My father had known for almost 2 years that I was possibly going to destroy our family. I still did not understand. The man I encountered in the bar did not move like a man of almost 80 years. This could not be the same man. But if it was not, who was it? If it was the same man, was he even a man?

I spent the next several weeks wandering lost. Finally I took the letters of recommendation and began study at an Ambrosia academy. I lived a meager life. I had a small, one-room apartment. I worked as a cook at night in an inn and spent long days with the sword by day. While I studied I met a friend; a gentleman who introduced me to a group devoted to service to its fellow man. Knights of the Order of the Rose and Cross. I took my vows as an apprentice only a few weeks later.

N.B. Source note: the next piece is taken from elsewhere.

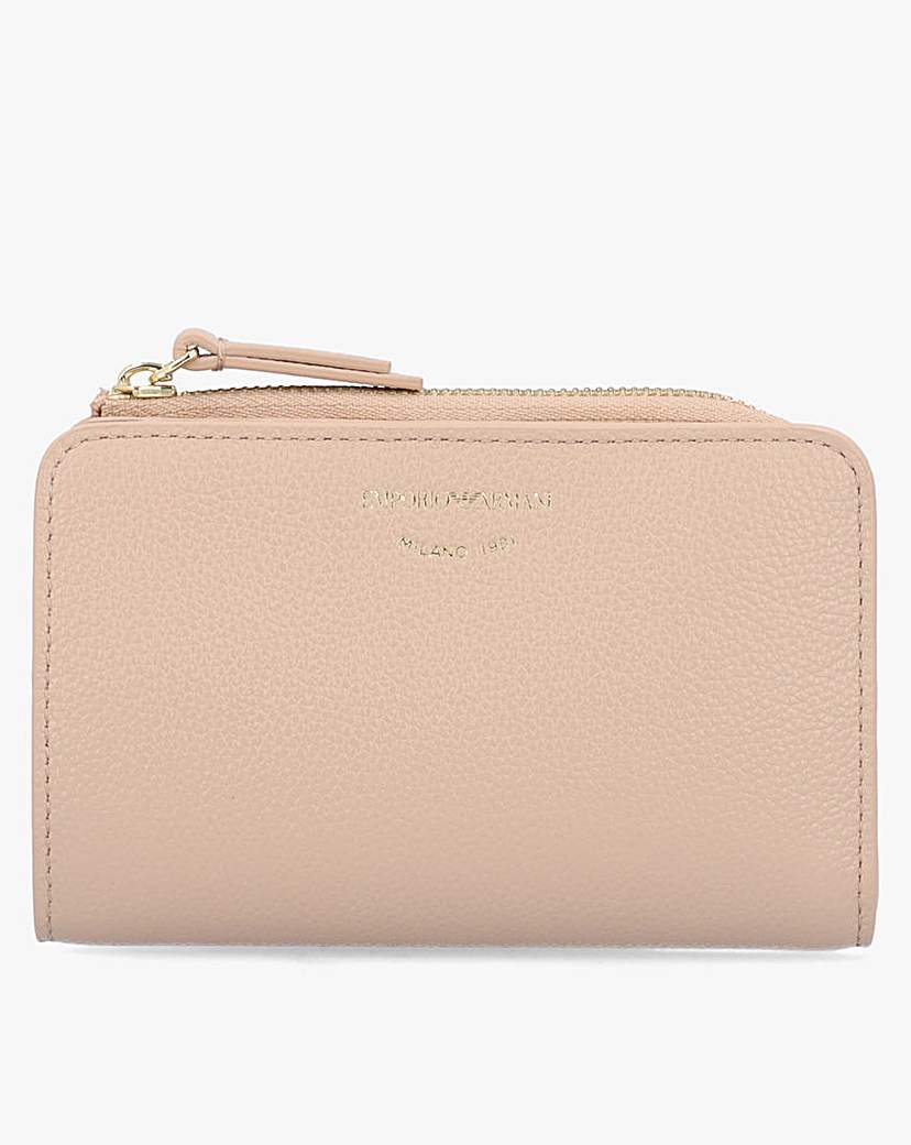 Emporio Armani Bifold Nude Tumbled Leather Zip Around Wallet The Emporio Armani Bifold Nude Tumbled Leather Zip Around Wallet is part of the New Season collection. An everyday accessory crafted from a premium grained leather with polished gold tone accents. Secure popper fastener allows access to multiple card slots as well as notes compartment, zip around coin pouch also features. Heritage silkscreen branded logo adds detail to the front of the wallet. Signature Emporio Armani branding completes the design. Technical information: Tumbled Leather, Gold Tone Hardware, Popper Fastening, Zip Around Coin Pouch, Multiple Card Slots, Notes Compartment, Silkscreen Logo, Emporio Armani Branding, Comes In Gift Box Dimensions: L13 x H8.5 x 3 CM

Finally I took the remains of my "inheritance" and began my search for the man who destroyed my life. I have heard nor seen nothing of the one who calls himself Bjorgsen Fell-hand. I heard rumors of an evil brigand, a pirate, who went masked at all times and was rumored to be horribly disfigured so I journeyed to Montainge in an attempt to confirm something solid and possibly set sail on a merchant ship to delve into the stories further. And that is where I am now. In Montaigne, alone and seeking to avenge myself on the man who has separated me from my family and still threatens their safety. But I am tired of my own prattle now. Perhaps I need a walk to clear my head. Maybe down by the docks? I saw the loveliest Jenny down there the other night.